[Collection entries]
────────────────────────────────────────

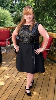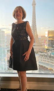 Rented this dress for a formal evening wedding at an elegant hotel and it was a winner. Not only was it beautiful but it was also comfortable and the pockets were a nice bonus. The back up size came in handy. I usually wear an 8 but it was a little snug and hard to fully zip, so I opted for comfort and wore the 10. Paired with sparkly gold heeled sandals and a clutch. We had a fun and fabulous evening!
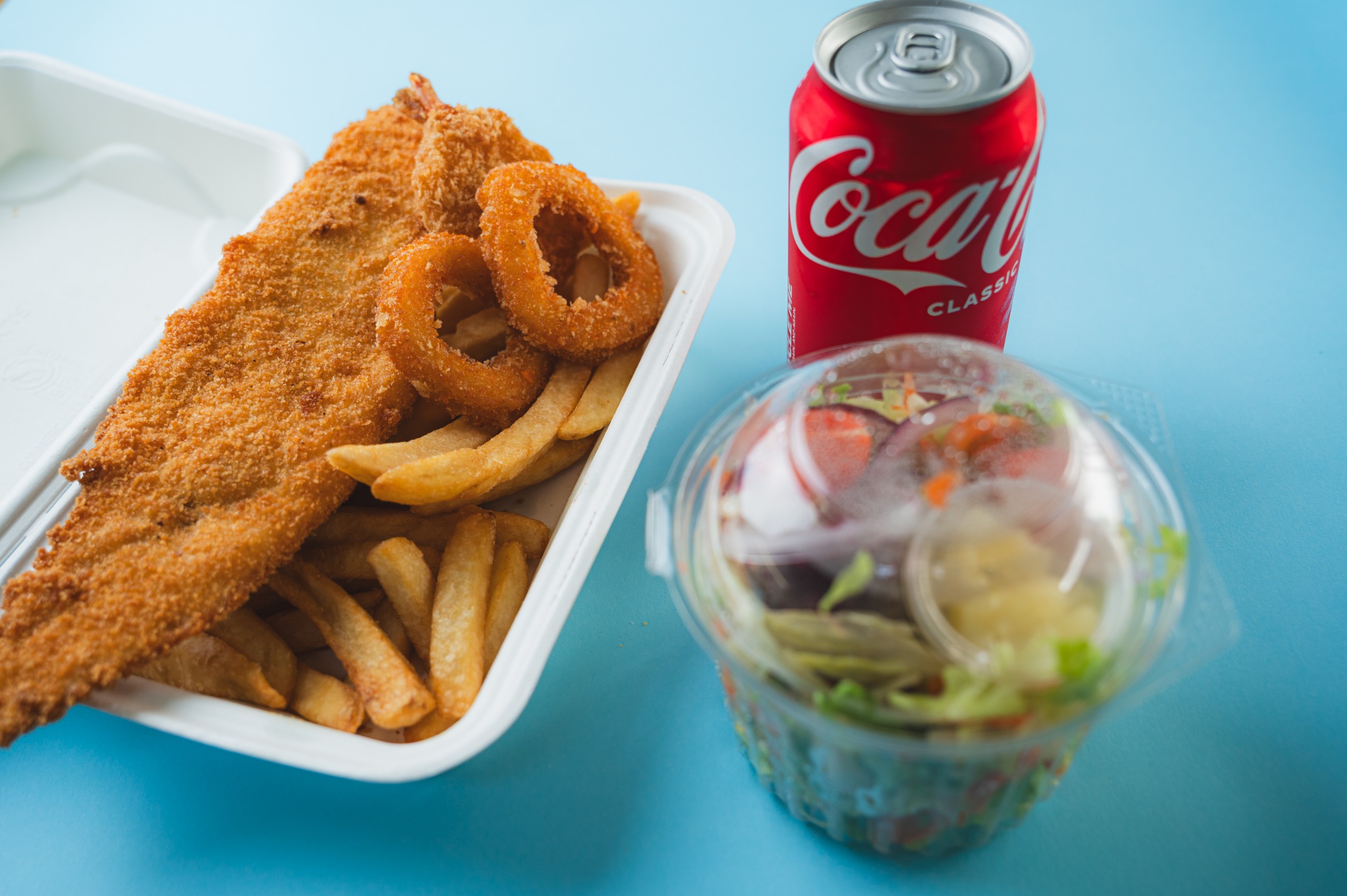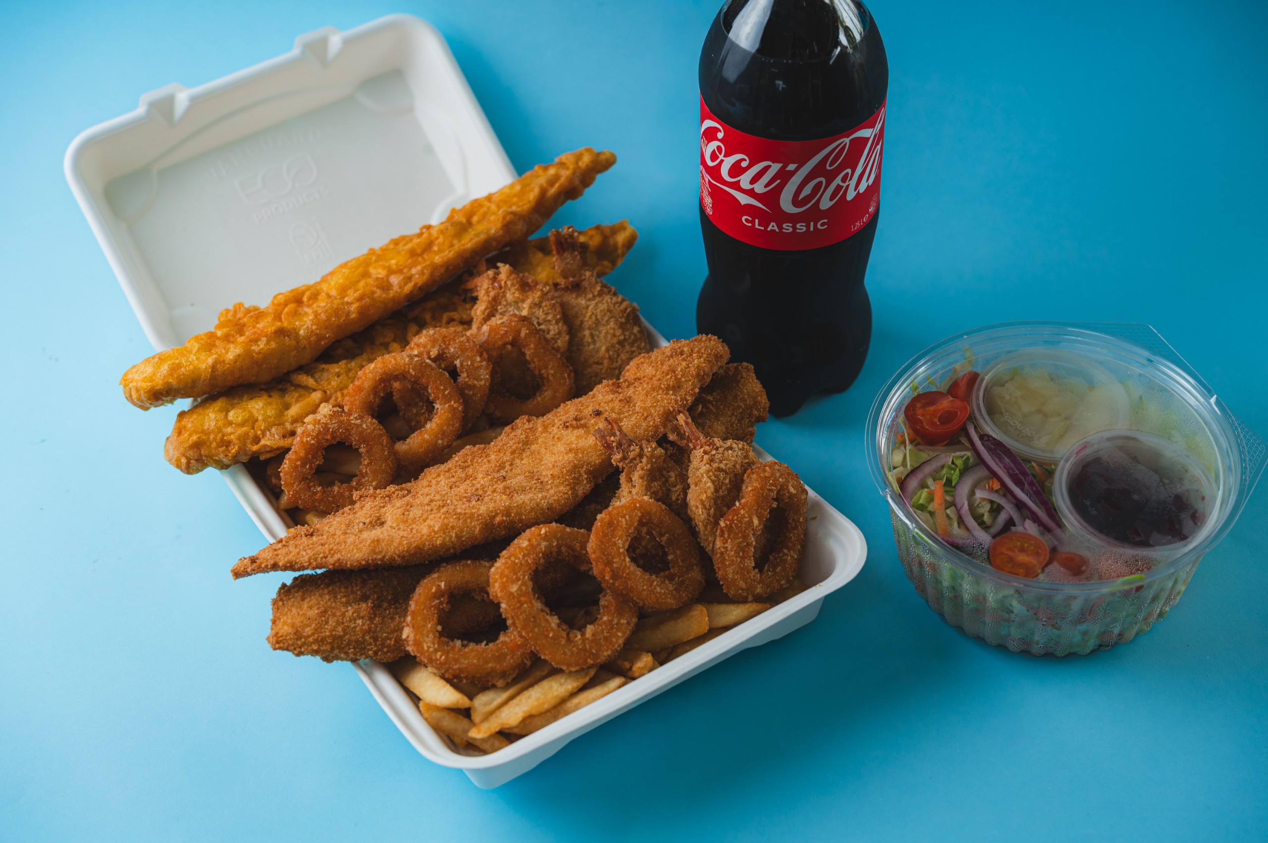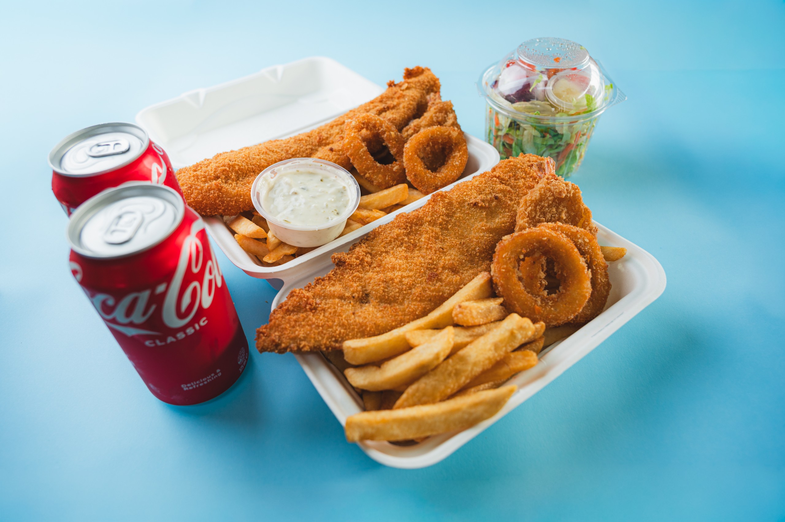 Two fish fillet, four calamari, tartare sauce, half scoop chips, two prawn cutlets, reg garden salad and 2 x 375ml cans of soft drinks
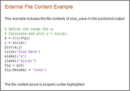 Например, этот код вставляет содержимое sine_wave.m в опубликованные выходные данные:
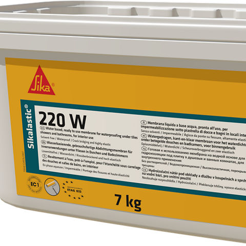 Sikalastic®-220 W ist eine 1-komponentige, flüssig aufzubringende Polymerdispersion unter Beschichtungen in Sanitär- und Nassräumen. Teil vom Abdichtungssystem für Nassräume gemäß EAD 030352-00-0503 Flüssig aufzutragende, wasserdichte Abdichtungs-Sets für Böden und/oder Wände in Nassräumen.
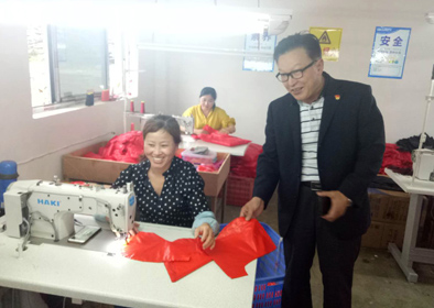 李然(右)看望在芙蓉制衣间工作的贫困户胡爱珍(新华社 熊鹏 5月7日摄)
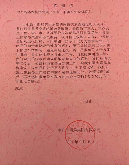 南昌市艾溪湖隧道項目為南昌市重大重點工程,項目正處于緊張的施工階段,由于項目工期緊任務(wù)重,2022年春節(jié)前必須通車,中鐵十四局集團有限公司根據(jù)現(xiàn)場情況對規(guī)劃進行臨時調(diào)整,需占用中節(jié)能國際中心項目部分紅線內(nèi)用地。江西公司為支持南昌市軌道交通事業(yè)發(fā)展,也為了踐行央企社會責任,第一時間增加總經(jīng)理辦公會議題,并審議通過了占地申請,以實際行動支持該重大重點民生工程建設(shè)。 錦旗是榮譽,更是責任。江西公司將繼續(xù)秉承國有企業(yè)的初心和使命,勇?lián)肫笊鐣熑危瑸橹频胤秸G色發(fā)展,打造美麗中國“江西樣板”貢獻央企力量。
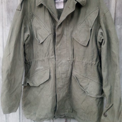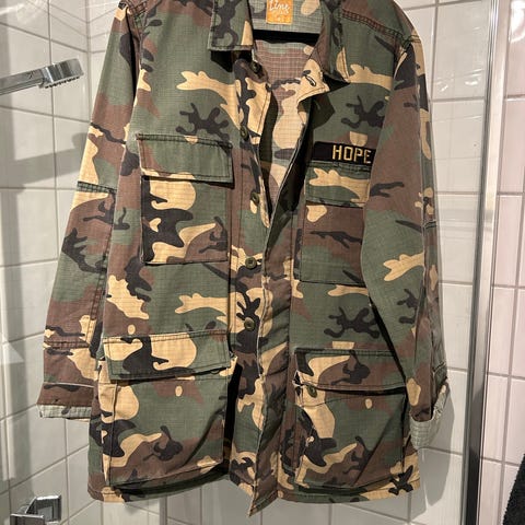 Lang Armyjakke fra 2000-tallet m/ Bøffel print på ryggen 🦬
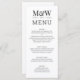 Menu Mariage Monogramme noir blanc. Bel design noir et blanc avec typographie moderne et initiales de couple en texte noir classique sur le front blanc avec blanc. Personnalisez avec les initiales de la mariée et du marié, la date du mariage, le menu du mariage et ajustez l'exemple de texte et/ou les couleurs de l'invitation à votre guise. Visitez notre magasin Austen & Grace pour voir la suite mariage complète, les produits correspondants et plus encore, et contactez-nous si vous avez besoin d'aide contact@austenandgrace.com
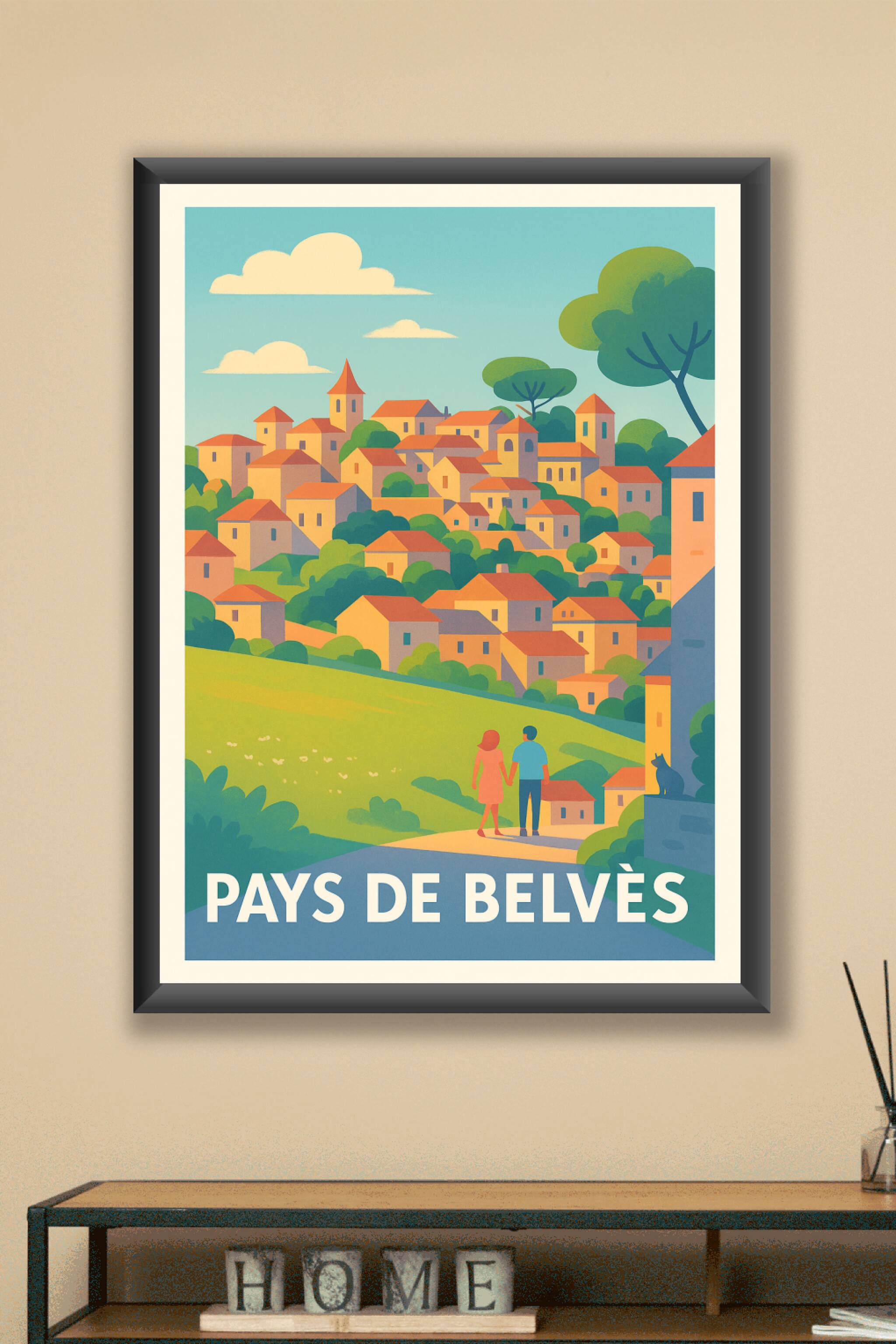 Découvrez le paysage bucolique et pittoresque du Pays de Belvès avec cette affiche au style rétro et coloré, qui met en lumière le charme authentique des villages périgourdins. Illustré avec douceur, ce poster vous invite à une promenade romantique au cœur des toits ocres et des collines verdoyantes.Ce poster est imprimé en tirage "Fine Art" sur papier 305g coton, garantissant une qualité d'impression exceptionnelle et des couleurs lumineuses qui dureront dans le temps. Disponible en formats A1 à A4, avec ou sans cadre, cette affiche est idéale pour sublimer votre décoration intérieure ou offrir un souvenir élégant de la Dordogne. Fabriquée en France avec soin, elle apportera chaleur et poésie à votre espace de vie.

────────────────────────────────────────

▸ **What needs to be done**
Nothing but the lines from the one containing "Например, этот код" through the last line of the records should appear in the copy, exactly as written and without pictures.

▸ **Answer to the exercise**
 Например, этот код вставляет содержимое sine_wave.m в опубликованные выходные данные:
 Sikalastic®-220 W ist eine 1-komponentige, flüssig aufzubringende Polymerdispersion unter Beschichtungen in Sanitär- und Nassräumen. Teil vom Abdichtungssystem für Nassräume gemäß EAD 030352-00-0503 Flüssig aufzutragende, wasserdichte Abdichtungs-Sets für Böden und/oder Wände in Nassräumen.
 李然(右)看望在芙蓉制衣间工作的贫困户胡爱珍(新华社 熊鹏 5月7日摄)
 南昌市艾溪湖隧道項目為南昌市重大重點工程,項目正處于緊張的施工階段,由于項目工期緊任務(wù)重,2022年春節(jié)前必須通車,中鐵十四局集團有限公司根據(jù)現(xiàn)場情況對規(guī)劃進行臨時調(diào)整,需占用中節(jié)能國際中心項目部分紅線內(nèi)用地。江西公司為支持南昌市軌道交通事業(yè)發(fā)展,也為了踐行央企社會責任,第一時間增加總經(jīng)理辦公會議題,并審議通過了占地申請,以實際行動支持該重大重點民生工程建設(shè)。 錦旗是榮譽,更是責任。江西公司將繼續(xù)秉承國有企業(yè)的初心和使命,勇?lián)肫笊鐣熑危瑸橹频胤秸G色發(fā)展,打造美麗中國“江西樣板”貢獻央企力量。
 Lang Armyjakke fra 2000-tallet m/ Bøffel print på ryggen 🦬
 Menu Mariage Monogramme noir blanc. Bel design noir et blanc avec typographie moderne et initiales de couple en texte noir classique sur le front blanc avec blanc. Personnalisez avec les initiales de la mariée et du marié, la date du mariage, le menu du mariage et ajustez l'exemple de texte et/ou les couleurs de l'invitation à votre guise. Visitez notre magasin Austen & Grace pour voir la suite mariage complète, les produits correspondants et plus encore, et contactez-nous si vous avez besoin d'aide contact@austenandgrace.com
 Découvrez le paysage bucolique et pittoresque du Pays de Belvès avec cette affiche au style rétro et coloré, qui met en lumière le charme authentique des villages périgourdins. Illustré avec douceur, ce poster vous invite à une promenade romantique au cœur des toits ocres et des collines verdoyantes.Ce poster est imprimé en tirage "Fine Art" sur papier 305g coton, garantissant une qualité d'impression exceptionnelle et des couleurs lumineuses qui dureront dans le temps. Disponible en formats A1 à A4, avec ou sans cadre, cette affiche est idéale pour sublimer votre décoration intérieure ou offrir un souvenir élégant de la Dordogne. Fabriquée en France avec soin, elle apportera chaleur et poésie à votre espace de vie.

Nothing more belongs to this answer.